For years we've focused on finding all the vulnerabilities, prioritizing them based on business and threat context, and then ultimately throwing them over the wall to IT or devops. But security has been learning how to more effectively create a remediation workflow. In some cases this means true management of the workflow, analytics that tells you if a vuln has been patched, or dashboards fed from live data so decisions are made at the point of impact. All that stuff is great, but what if I said you also must have a reframing of what the word "security vulnerability" actually means?

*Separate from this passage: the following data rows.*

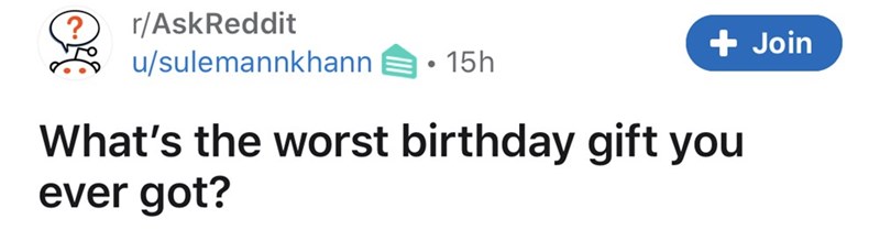 While this thread may seem like "first world problems" to some of you, we found it to be pretty entertaining. Earlier today, Redditor u/sulemannkhan asked the r/AskReddit community to share the absolute worst birthday gifts they'd ever received. The people of Reddit complied, sharing tragic tales of callous re-gifting, second-hand hairbrushes, and for one lucky eighteen-year-old? A used Disney coloring book. If you've ever received a "dud" gift and had to bite your tongue and feign happiness, this gallery is for you.
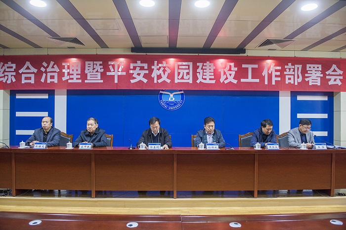 郭善利就近期學校安全穩定工作進行了分析和總結,對學校下一步安全穩定工作提出了要求。郭善利指出,安全穩定環境對國家對學校都十分重要,學校目前正處于落實“一二三”戰略部署爬坡過坎的關鍵時期,更需要安全穩定和諧的環境。高校安全穩定工作任務艱巨,我校同樣存在著消防安全、生產安全、飲食衛生、交通安全、宿舍安全、個人極端事件、網絡輿情等安全隱患,需要采取切實有效的措施加以解決。各級干部要提高政治站位,堅決服從大局,看好自己的門,管好自己的人,干好我們自己的事,認真做好特殊時期的安全穩定工作,進一步樹立紅線意識。當前,維穩工作是重中之重,是我們的政治責任,各單位要立即全面排查各類安全隱患,做到“橫到邊、豎到底、無死角”,要關心師生的心理健康,注重意識形態安全問題和校園反恐,緊緊圍繞加強學生安全等方面的工作常抓不懈,同時要加強學校教師師德師范的教育引導,建立全員責任體系,堅持黨政同責、一崗雙責,要劃分好責任區,切實履行好各自的職責。就做好安全穩定工作,郭善利強調:全校要立即行動起來,開展校園安全隱患排查專項整治行動;強化意識形態安全,認真落實意識形態責任制;做好重要節點的安全穩定工作,特別是“五一”期間的安全穩定工作。全體干部要提高政治站位,嚴格履行職責,堅持黨政同責、一崗雙責的要求把安全穩定的各項工作做實做細。
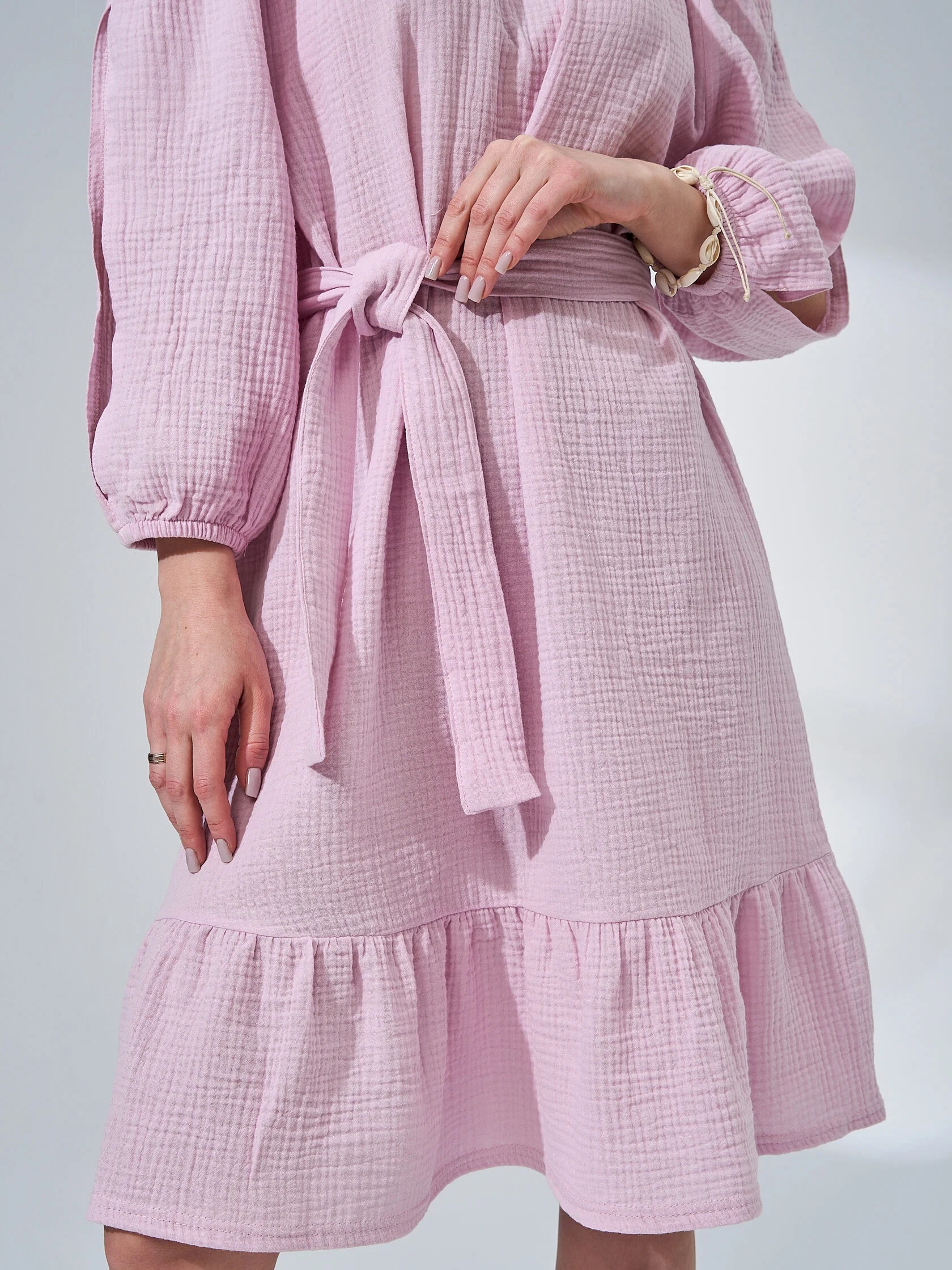 Женское платье с длинным рукавом из муслина — лёгкое и комфортное изделие, подходящее для повседневной носки, пляжа, отпуска или нарядных случаев. Муслин — это натуральная ткань из хлопка, которая хорошо пропускает воздух, не вызывает аллергии и обеспечивает комфорт даже в жаркую погоду.

Security Vuln or JIRA Ticket?
Back to my time with the OWASP crew in DC; and I'll be fully transparent that this idea came to me as I spoke with Rapid7 application security customers (check out AppSpider for more info). We talked a long time about the importance of collecting all the right application data for scanning and then prioritizing the vulns found. But the part of the conversation that really turned around my thinking was when we got to remediation. The functionality that these customers liked the most was the ability to not throw over a 2,300-page stale report (true story!) but instead translate found vulnerabilities directly into the devops ticketing system.
In this case it was a simple measure of taking what was found via application security testing and then placing that, with context, into JIRA. All of a sudden the devops team had a list of high-priority bug fixes, which they valued and would get to quickly, rather than a big security report that seemed to be more blame-game rather than helpful.
Words matter in security, as does intent. It's an important thing to consider as you build our your security program and discover the points of contact with IT and devops.